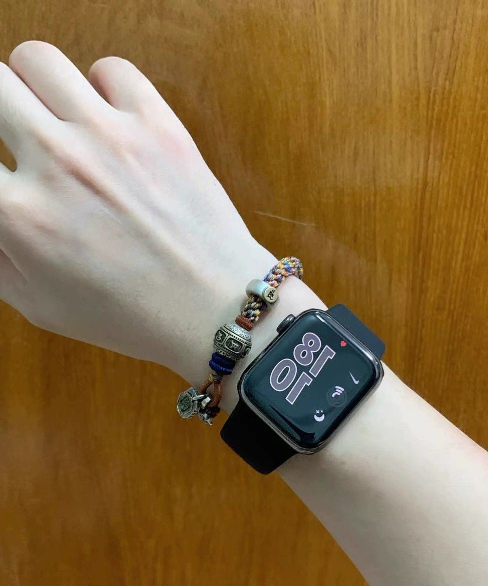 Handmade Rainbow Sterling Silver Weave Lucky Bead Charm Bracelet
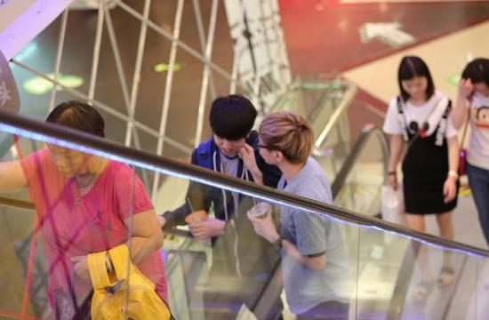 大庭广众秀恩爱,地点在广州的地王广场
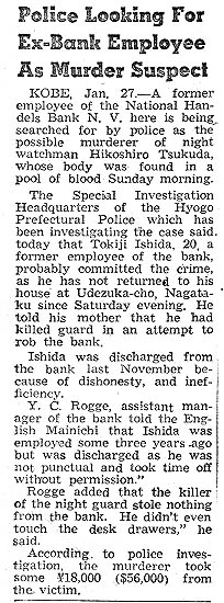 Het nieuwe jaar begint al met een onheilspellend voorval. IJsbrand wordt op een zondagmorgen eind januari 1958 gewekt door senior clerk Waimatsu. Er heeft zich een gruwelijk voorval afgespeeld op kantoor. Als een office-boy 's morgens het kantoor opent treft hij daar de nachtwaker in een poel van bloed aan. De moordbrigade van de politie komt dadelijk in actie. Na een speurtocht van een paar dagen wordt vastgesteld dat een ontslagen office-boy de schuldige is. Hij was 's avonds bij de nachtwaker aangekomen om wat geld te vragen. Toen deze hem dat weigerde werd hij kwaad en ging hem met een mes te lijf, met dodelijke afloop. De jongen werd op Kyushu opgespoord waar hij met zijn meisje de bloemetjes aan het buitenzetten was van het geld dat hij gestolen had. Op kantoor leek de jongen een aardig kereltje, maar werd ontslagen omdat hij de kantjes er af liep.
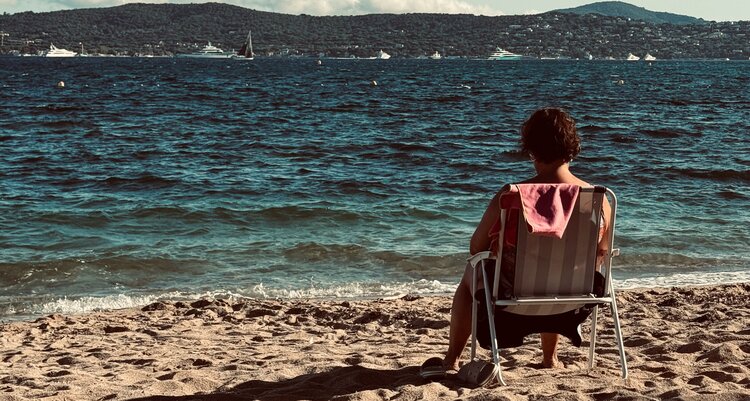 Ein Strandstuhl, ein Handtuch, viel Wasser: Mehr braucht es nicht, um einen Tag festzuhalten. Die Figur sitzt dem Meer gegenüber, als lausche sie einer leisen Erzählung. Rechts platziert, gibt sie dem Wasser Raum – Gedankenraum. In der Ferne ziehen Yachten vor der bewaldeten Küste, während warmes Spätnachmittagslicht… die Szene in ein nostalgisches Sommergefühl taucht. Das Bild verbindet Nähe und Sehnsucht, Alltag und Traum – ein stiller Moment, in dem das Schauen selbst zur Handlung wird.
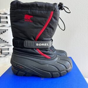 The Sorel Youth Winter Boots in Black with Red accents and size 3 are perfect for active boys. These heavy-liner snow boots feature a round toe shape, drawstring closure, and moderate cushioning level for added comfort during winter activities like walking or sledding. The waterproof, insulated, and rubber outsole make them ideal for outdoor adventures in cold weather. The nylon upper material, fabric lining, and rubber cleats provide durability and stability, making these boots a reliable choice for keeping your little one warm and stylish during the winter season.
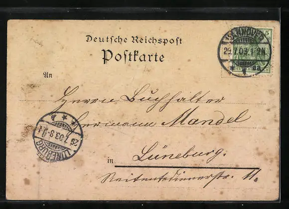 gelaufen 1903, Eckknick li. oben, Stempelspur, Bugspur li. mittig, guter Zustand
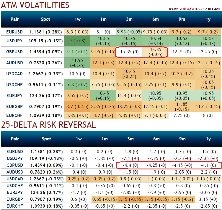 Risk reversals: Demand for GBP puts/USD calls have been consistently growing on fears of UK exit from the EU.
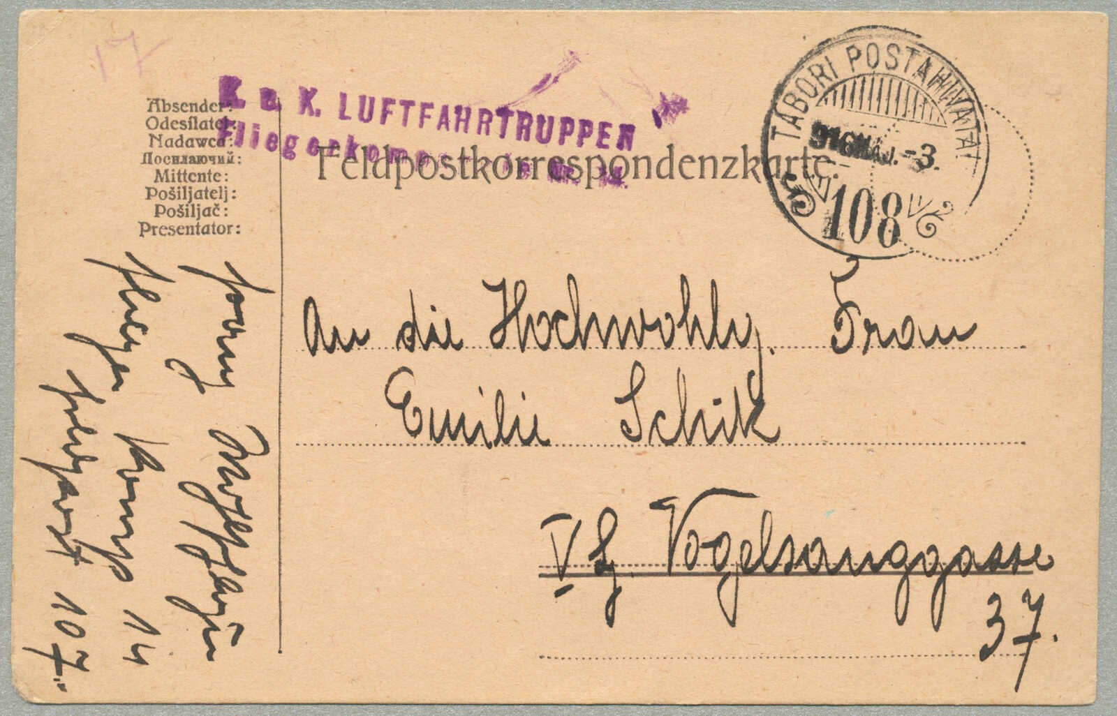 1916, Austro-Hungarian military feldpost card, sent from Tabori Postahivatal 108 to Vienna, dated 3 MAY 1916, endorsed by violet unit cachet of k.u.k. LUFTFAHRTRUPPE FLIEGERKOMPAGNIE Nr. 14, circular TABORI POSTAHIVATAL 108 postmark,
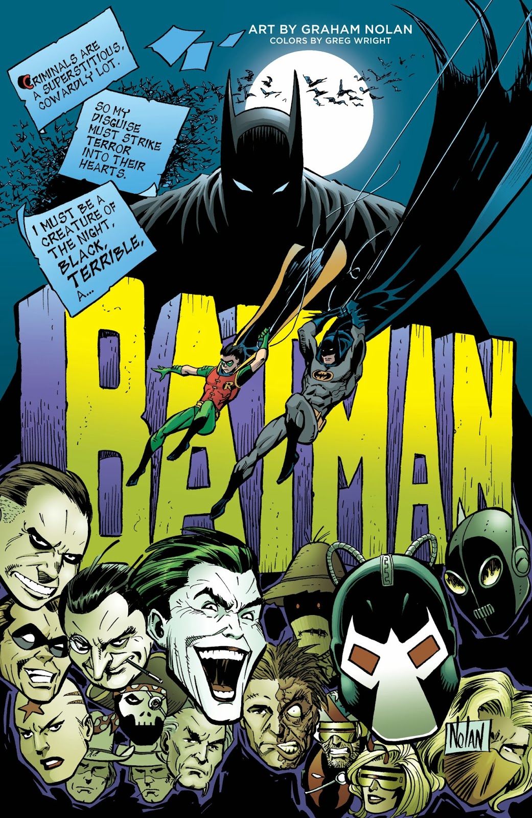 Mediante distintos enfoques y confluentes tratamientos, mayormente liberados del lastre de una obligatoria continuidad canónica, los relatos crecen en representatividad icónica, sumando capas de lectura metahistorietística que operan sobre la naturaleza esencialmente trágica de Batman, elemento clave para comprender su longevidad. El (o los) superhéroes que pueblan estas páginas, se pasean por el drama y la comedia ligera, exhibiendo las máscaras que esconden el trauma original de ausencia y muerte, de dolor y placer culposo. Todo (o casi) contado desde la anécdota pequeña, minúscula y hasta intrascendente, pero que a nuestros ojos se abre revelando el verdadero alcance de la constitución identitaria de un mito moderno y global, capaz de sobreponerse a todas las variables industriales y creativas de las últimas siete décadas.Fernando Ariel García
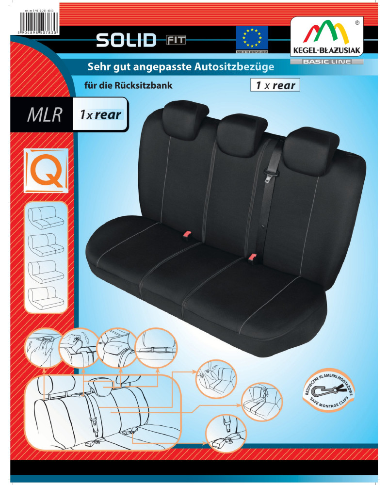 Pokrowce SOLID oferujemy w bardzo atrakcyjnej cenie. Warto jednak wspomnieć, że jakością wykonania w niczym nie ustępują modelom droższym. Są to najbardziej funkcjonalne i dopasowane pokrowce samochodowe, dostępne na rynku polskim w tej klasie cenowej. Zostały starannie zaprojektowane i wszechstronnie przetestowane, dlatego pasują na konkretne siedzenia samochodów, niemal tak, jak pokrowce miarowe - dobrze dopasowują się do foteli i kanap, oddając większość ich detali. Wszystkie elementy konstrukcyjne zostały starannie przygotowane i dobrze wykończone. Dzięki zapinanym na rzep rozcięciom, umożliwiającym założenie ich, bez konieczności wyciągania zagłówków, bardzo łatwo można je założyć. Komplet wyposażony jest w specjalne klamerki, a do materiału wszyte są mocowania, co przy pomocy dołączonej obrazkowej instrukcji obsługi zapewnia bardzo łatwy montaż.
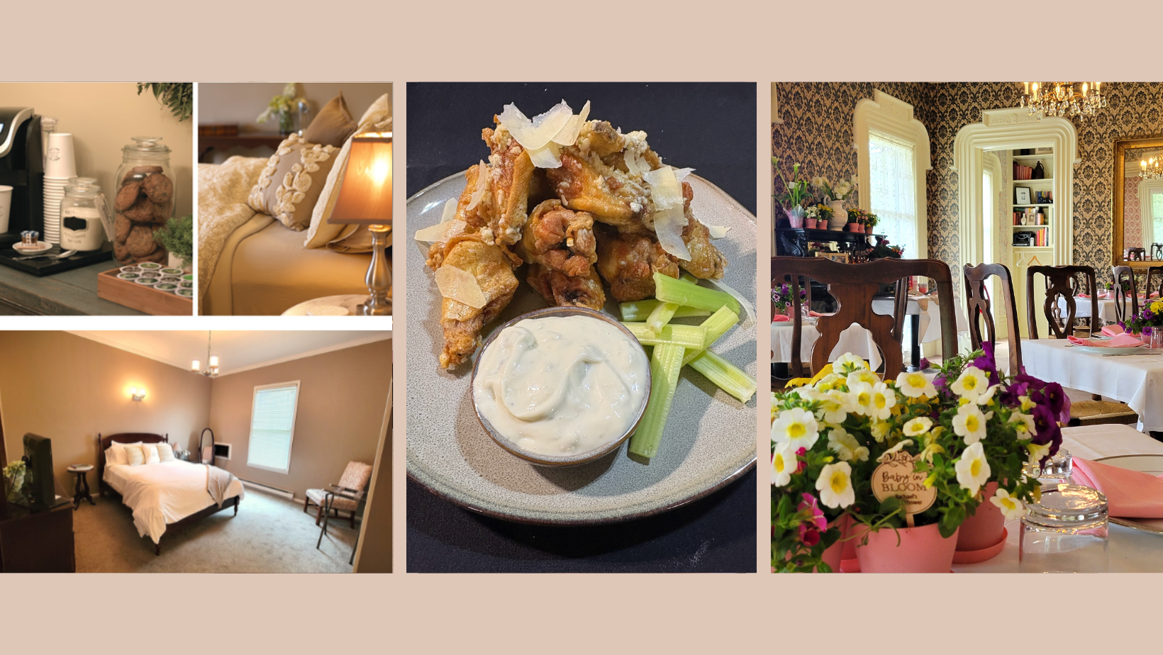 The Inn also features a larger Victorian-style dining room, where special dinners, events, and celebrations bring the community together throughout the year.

========

Your objective – Copy nothing past the line containing "大庭广众秀恩爱,地点在广州的地王广场": reproduce every line from the start of the records up to it, skipping pictures.

Answer section –
 Handmade Rainbow Sterling Silver Weave Lucky Bead Charm Bracelet
 大庭广众秀恩爱,地点在广州的地王广场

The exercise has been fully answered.